Should I call him..? Help single moms plz

edited March 2011 in Single moms
So I havnt talked to my babys dad since I was 1 month,i am now 5. I wanna call him but I wanna b strong! He hasnt called,y should I..but its easier said then done! Advice
«1

Comments

  • R u trying to get back with him? Or do u not want to?
  • Well I know lots of girls in your boat. Was he upset when he found out your were pregnant? How old is he and does he have other kids?
  • I dunno, I just wanna hear his reaction to my call. Hes ah a**. But bipolar I just wanna c if he'll b nice n mabey wanna hear bout our child. But I dnt wanna b hurt if he goes left on me, ya kno...i would "ove for him to c how big me n my bby r gettin nb but wat if I get hurt!
  • Aw im sry dear i wish i knew exactly wat u felt so i can relate more. But if i were u i dnt think i would call. U got this far n u r ur baby doing well rite? N he hasnt hit u up for 4 months? Hes the one missing out! U might end up getting hurt
  • Hes 35 has 5 kuds,(but only c 1 his youngest) my bby is number 6. Im 17. N he was verry happy til his little sons bby momma found out..ling story short lots of drama. N niw u havnt heard frm him in 5mths :(
  • Yah n yur right I might get hurt, some things r better off not messin with. It just succs to do this all alone! Yah kno
  • I kno but u seem like a strong person. U kept ur baby n have takn great care of it n urself for 5 months. Plus u havent called him in 4 months so ur strong enough to not give in. Maybe u n ur baby are better off bcuz frankly he sounds like a dead beat. N u are not alone n im sure everytime u feel ur lil one kick ur reminded of tht. Once u meet ur baby u will feel a love like no other n nothing else will matter
  • No dont call him im 5 months along n going to be a single mom pregancy is hard and emotional enough if hes an ass n hasnt bothered its his loss n hell prob just let u down again. Being upset isnt good for ur un born baby or u! He should of called by now n I would let him know after babys home from hospital n let him vist on ur terms not his now a days we as women n moms r strong n many have done n want to do it alone be strong dont give his chances to hurt u or baby more!! U n baby desreve better!! F him!! his loss!

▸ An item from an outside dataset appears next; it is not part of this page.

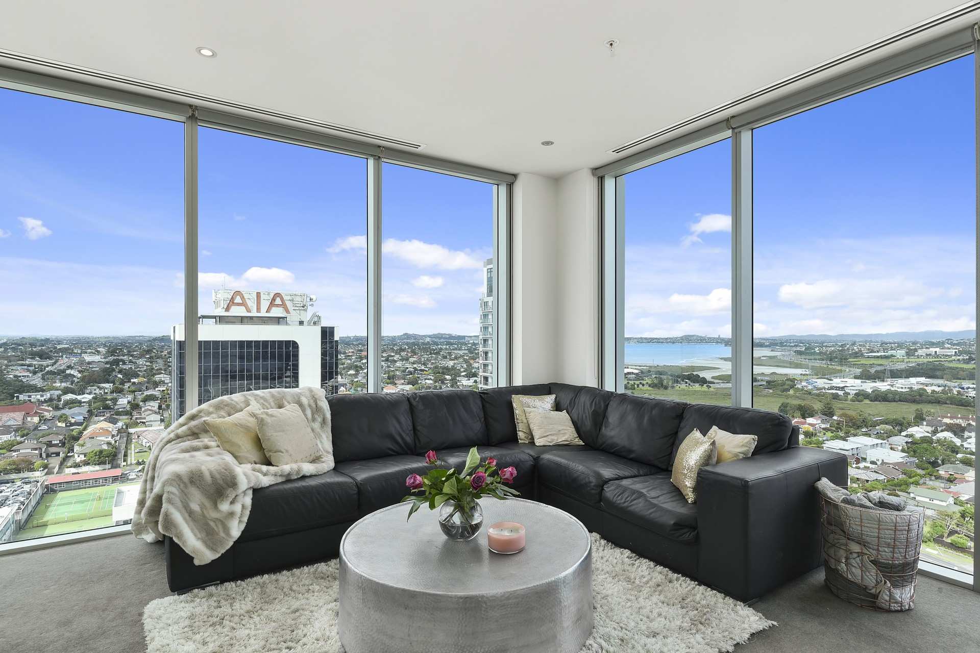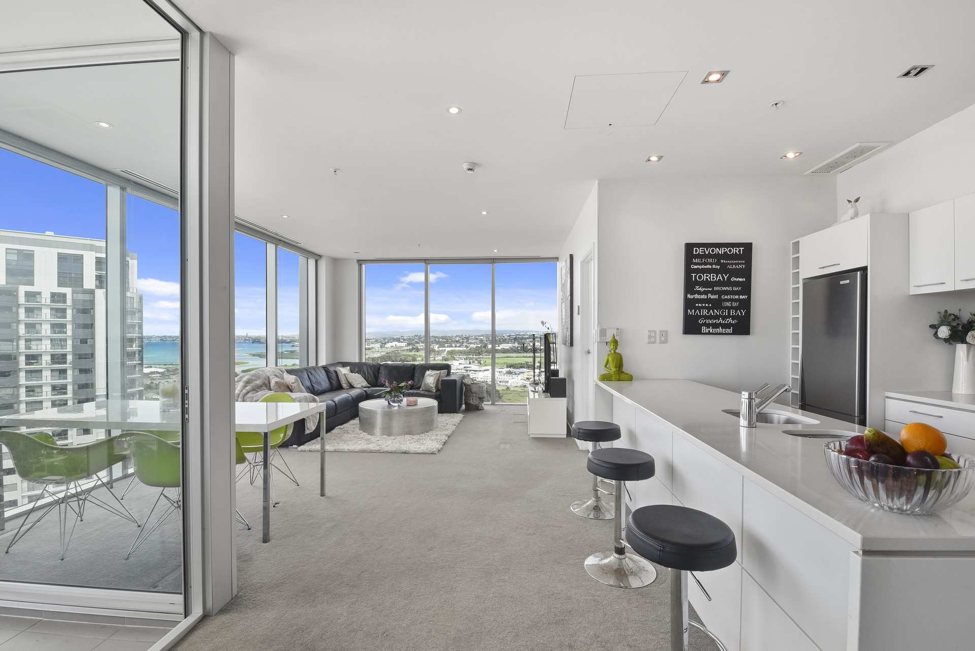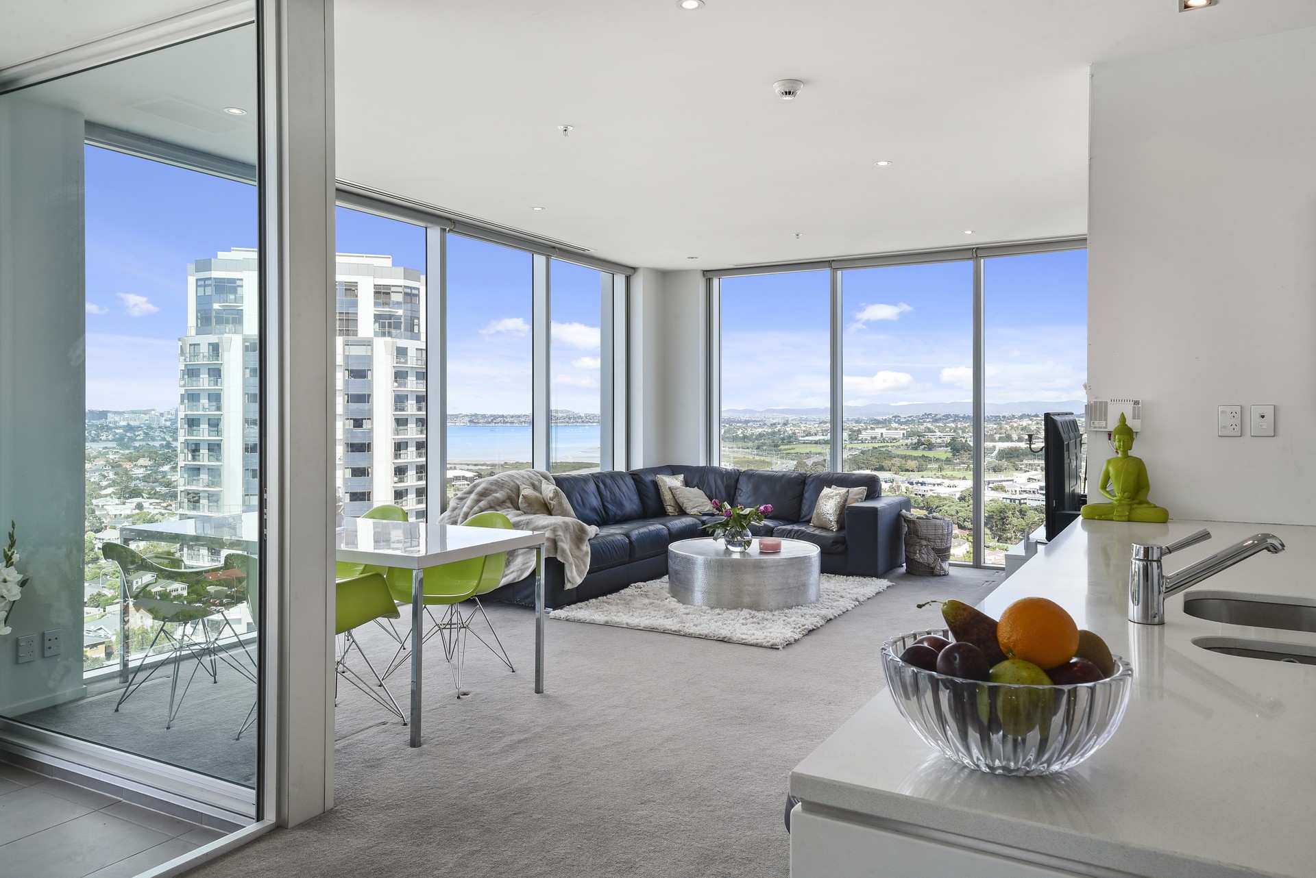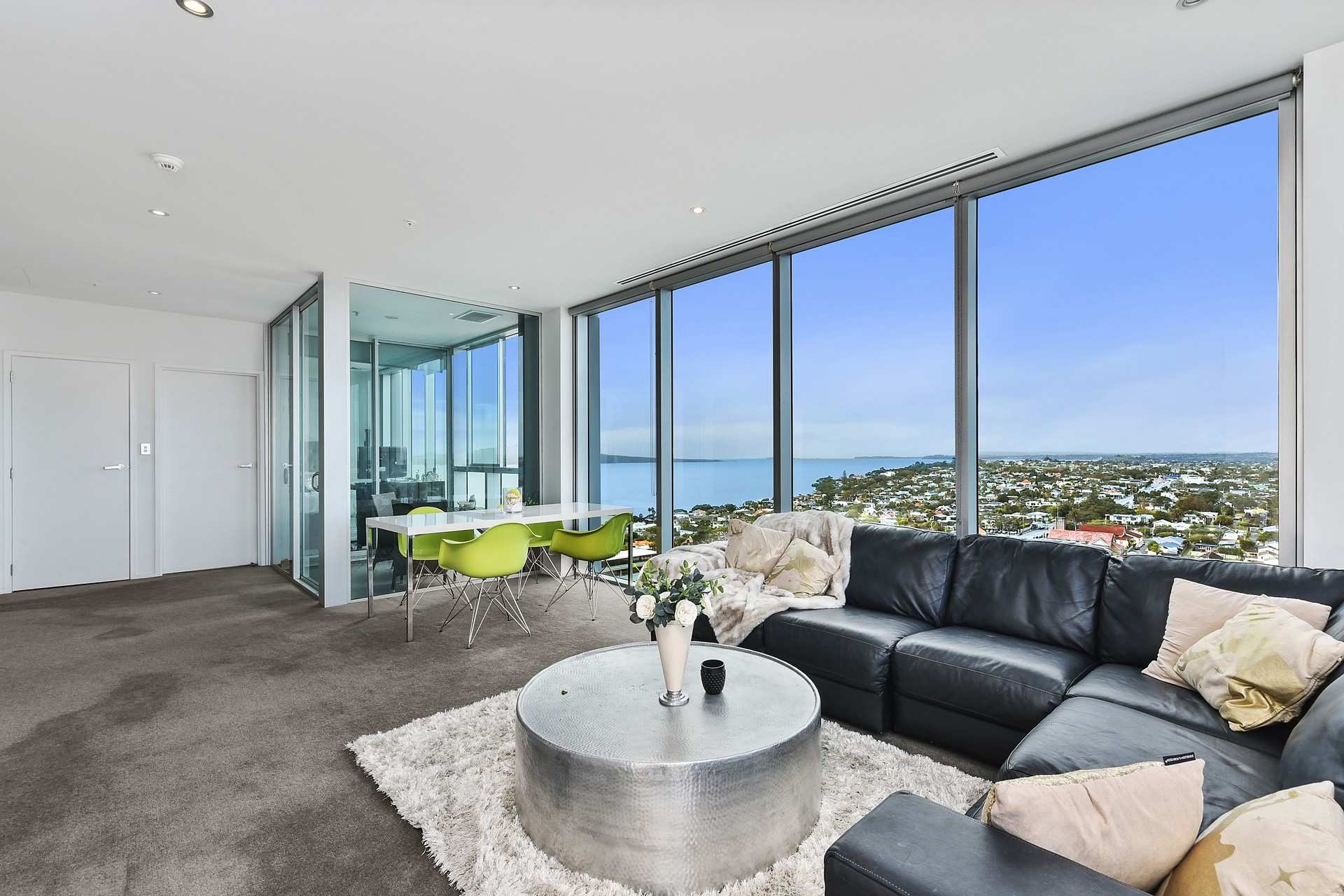 This 16th floor spacious, luxury 98m apartment offers an ideal layout with two ensuited bedrooms, both with walk in wardrobes, a separate third bathroom with laundry and generous kitchen/lounge/dining and deck drinking in the action packed, vast views of Waitemata Harbour, Rangitoto, Auckland city, harbour bridge and urban panorama. Enjoy the sunrises and sunsets before heading out to enjoy vibrant Takapuna at your doorstep. The many cafes and eateries, movie theatre, Sunday farmers market, shopping mall, not to forget beautiful Takapuna Beach for that stroll or power walk, all within easy reach. A feast for the water sport lover as well.

  • I think your going to have to deal with his rejection of your maternal status. He seems to have put you last on his priority list I highly suggest you seek proffessional help for your situtation. You have to be honest with yourself do you really think his just going to turn his life around with just a phone call, I think his already made his decision about your baby he seems to care more about his other baby momma I'm sorry to be so blunt but its just life make the best you can out of it, take care of yourself
  • Thank yu moms. I already kno wats up.. N as to josburn10... Proffessional help, lmao nah im good. I need supportive friends n advice not pro. Help!..Im preg not crazy.lol! But umm...okay,, to yur opinion n e ways
  • Maybe he's worried since your only 17?
  • Uhm wow he could def get in big trouble seeing as he's old enough to be your dad and got you pregnant...I'm guessing that's why he wants nothing to do with it.

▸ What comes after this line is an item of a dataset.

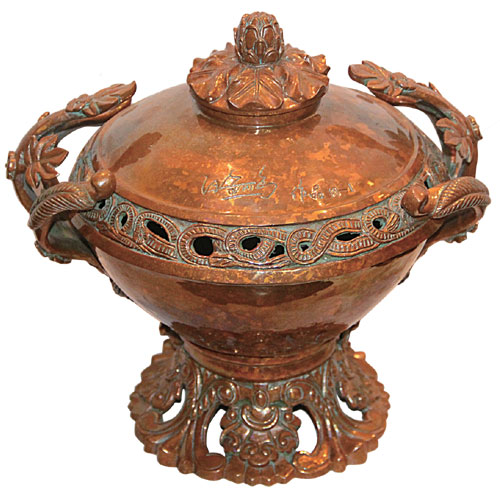 斑铜是云南特有的民间传统工艺品,至今已有300多年的历史。斑铜工艺制作复杂而严格,采用的是高品位的铜基合金原料,经过铸造成型、精工打磨,以及复杂的后工艺制作而成。斑铜有“妙在有斑,贵在浑厚”的独特特点,因其褐红色的表面呈现出离奇闪烁、瑰丽斑驳、变化微妙的斑花而独树一帜,堪称金属工艺之冠。斑铜因斑而闻名,能出斑才是好的作品,因此烧斑也就成了斑铜制作过程中最考究的一项工序。其自然烧炼、通风、升温、时间长短、火候的把握都有严格的要求,汪金鹏在一开始制作斑铜的时候,也经历了一次次的失败,是妻子的鼓励和对艺术的追求才让他坚持下来,并最终获得了成功。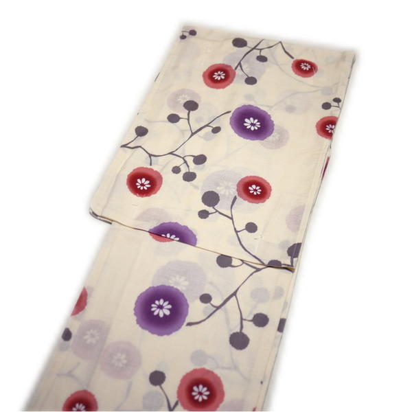 素敵な浴衣・帯・下駄・巾着の4点セット。 浴衣と帯は画像の商品となりますが、下駄・巾着はイメージ写真となります。 当店で浴衣に合わせてコーディネートしてお届けいたしますので楽しみにお待ちください! ●浴衣 凹凸のある変り織高級生地を使用した浴衣です。 【色 柄】クリーム色地に紫と赤の花柄。 【サイズ】フリー 身丈 165cm 裄69cm 袖丈49cm 適応身長:152cm〜167cm 【素 材】綿100% ●帯(在庫があれば他のお色に変更可能) シワ加工した軽くてふわふわとした可愛い大人用の浴衣用兵児帯です。 シワ加工により薄くてボリュームがあります。 長さもありますので色々なアレンジが楽しめます。 【色】グレープ色 【サイズ】長さ:約4メートル以上 巾:約40センチ(平置きの状態で計測。シワ加工なのでかなり伸びます。) 【素 材】ポリエステル100% 帯がうまく結べない方でも「サザメ」という器具を使うと簡単に色々な種類の帯が綺麗に結べます。 また、これを使うと背中にピッタリと張り付いてくれるます。 ●下駄鼻緒がやわらかいので、これなら初めて下駄を履く方でも足が痛くなりにくいと思います。滑りにくいように裏は全てゴムがはってあります。鼻緒の調節可能 【サイズ】フリー 23.5cm〜24.5cm。(実寸24cm)かかとの高さ:約3.5cm 【素 材】素材:桐(木製) ●巾着 可愛い和柄。 【素 材】綿100%

  • Im in the same situation im five months an havent talked to my bd since i wad two months but oh well he is the one missing out not me. I wouldnt call him if he cares at all he will contact u. Good luck.
  • Im in pretty much the exact same situation. I hadn't talked to him since I got my pregnancy confirmed at the doctors office but I did decide to text him after my 20 week ultrasound to let him know it was a girl. I just felt like he should know and I didn't want him to forget about the baby. It didn't make any difference but I felt alot better after telling him. Its ultimately up to you, do what you think is best for you and baby.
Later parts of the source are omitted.